Kein mythologisches Dekor
Was besonders hoch zu schätzen ist: In vier Gedichten wagt Utler sich an Mythen, an mythische Denkfiguren heran, und das glückt so ernst, weil sie keine Bildungspoesie daraus macht, nicht mit antiken poetischen Formen herumwirft noch bildungstouristisch in der Nähe der Cestius-Pyramide herumsitzt, sondern sich in Marsyas und Daphne, Chronos und die Sibylle hineinschmiegt, kein mythologisches Dekor braucht, sondern in den Konvulsionen des Leidens drin ist. Furchtbar umkreist sie Apolls Opfer Marsyas, bewegt klagt sie für Daphne. „Cantabile”, sangbar, wohllautend ist keines ihrer Gedichte, aber muss nicht so lockend, so rauh und gliederlösend die Liebe im Gedicht heute klingen?

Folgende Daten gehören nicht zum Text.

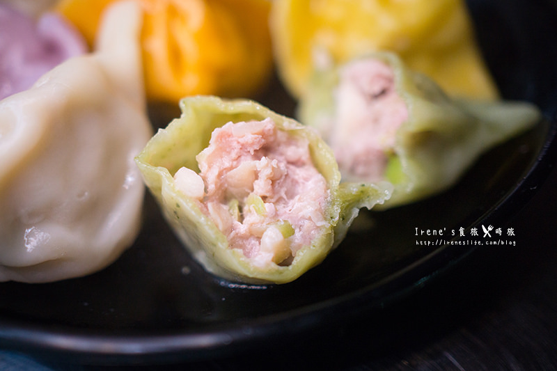 紫色餃皮的是雞肉口味,雞肉不柴,淡淡的雞肉甜味,幾乎沒有什麼蔬菜來搶風頭,很清爽的口味。

will schon: du treibst dich mir zu
willst zum abbruch hin, hänge, du
trägst mir den: schiefer ab, schürfst,
ihn vom: kopf weg, den schultern
in wurzelstock kehle geröll: trennst mich
machst – wie entzwei sein – die scharfen
konturen mir fänge den wolfsrachen
fragen auch – werde ich? –
ich – schlag dich mir zu
Jetzt wäre noch zu handeln von den sprachrhythmischen Künsten von Anja Utler, wie sie den Fluss der Worte aufhalten, stauen kann und damit Dynamik und Körperlichkeit in ihre Zeilen bekommt. Was hiermit in Kurzform geschehen ist. Und nun noch ein hohes Lob für die wahrhaft geschmackvolle und gediegene Herstellung dieses außerordentlichen Gedichtbandes. Alles sehr aufregend und bemerkenswert.
Jörg Drews: Anja Utler: münden – entzüngeln. Gedichte. Verlag Edition Korrespondenzen, Wien 2004. 92 Seiten, 17,40 Euro. In: SZ, 23.9.2005.